Splinter wurde kreideblass. Der Alptraum eines jeden Vaters wurde wahr. Seine Söhne. Seine Lieblinge wurden gekidnappt. Schnell bekam auch das Fernsehen davon Wind. Am nächsten Tag wurde der Bericht im ganzen Land ausgestrahlt. " Ich stehe vor dem Haus der Hamatos wo sich gestern Nacht eine Tragödie abgespielt hatte als die vier fünfzehnjährigen Leonardo, Raphael, Donatello und Michelangelo Hamato aus ihren Betten gerissen wurden und ihre Pizzaträume von fiesen Kidnappern zerstört wurden. Ist der Schmerz so unermässlich Mr.
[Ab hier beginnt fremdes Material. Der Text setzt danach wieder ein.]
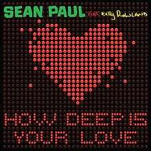 "How Deep Is Your Love" is the fifth single from the Jamaican recording artist Sean Paul's fifth studio album Tomahawk Technique, featuring American singer Kelly Rowland. It was written by Mikkel S. Eriksen, Jason Henriques, Ester Dean, Sean Paul Henriques and was produced by Stargate. It was released as a digital download in the United States on 24 July 2012. The song has charted in Switzerland and Austria.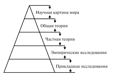 Самый абстрактный уровень знания отображает научная картина мира. Вслед за ней размещаются более конкретные уровни знания, называемые общетеоретическим и частнотеоретическим. На этом заканчивается сфера теоретического знания и начинается область эмпирического. Она включает 2 типа исследований – собственно эмпирическое и прикладное исследование.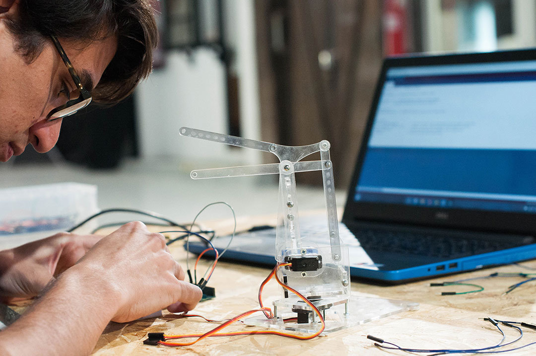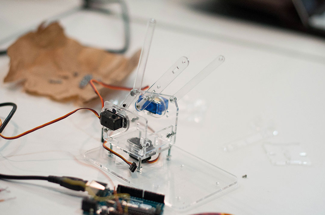 We looked at a lot of different robot arms and decided to build one that is similar to the MeArm tiny 4-axis robot.

Hamato, dass Sie sich wünschen Ihre Söhne wären nie geboren?," berichtete der Reporter kalt. " Oh man wie können Sie einen Vater so was fragen?," fragte er fassungslos. Die Polizei tappte seit dieser Nacht im Dunkeln. Sie hatten so viele Verdächtigen und so wenig Zeit. Splinter wartete ungeduldig auf ein Lebenszeichen seiner Söhne.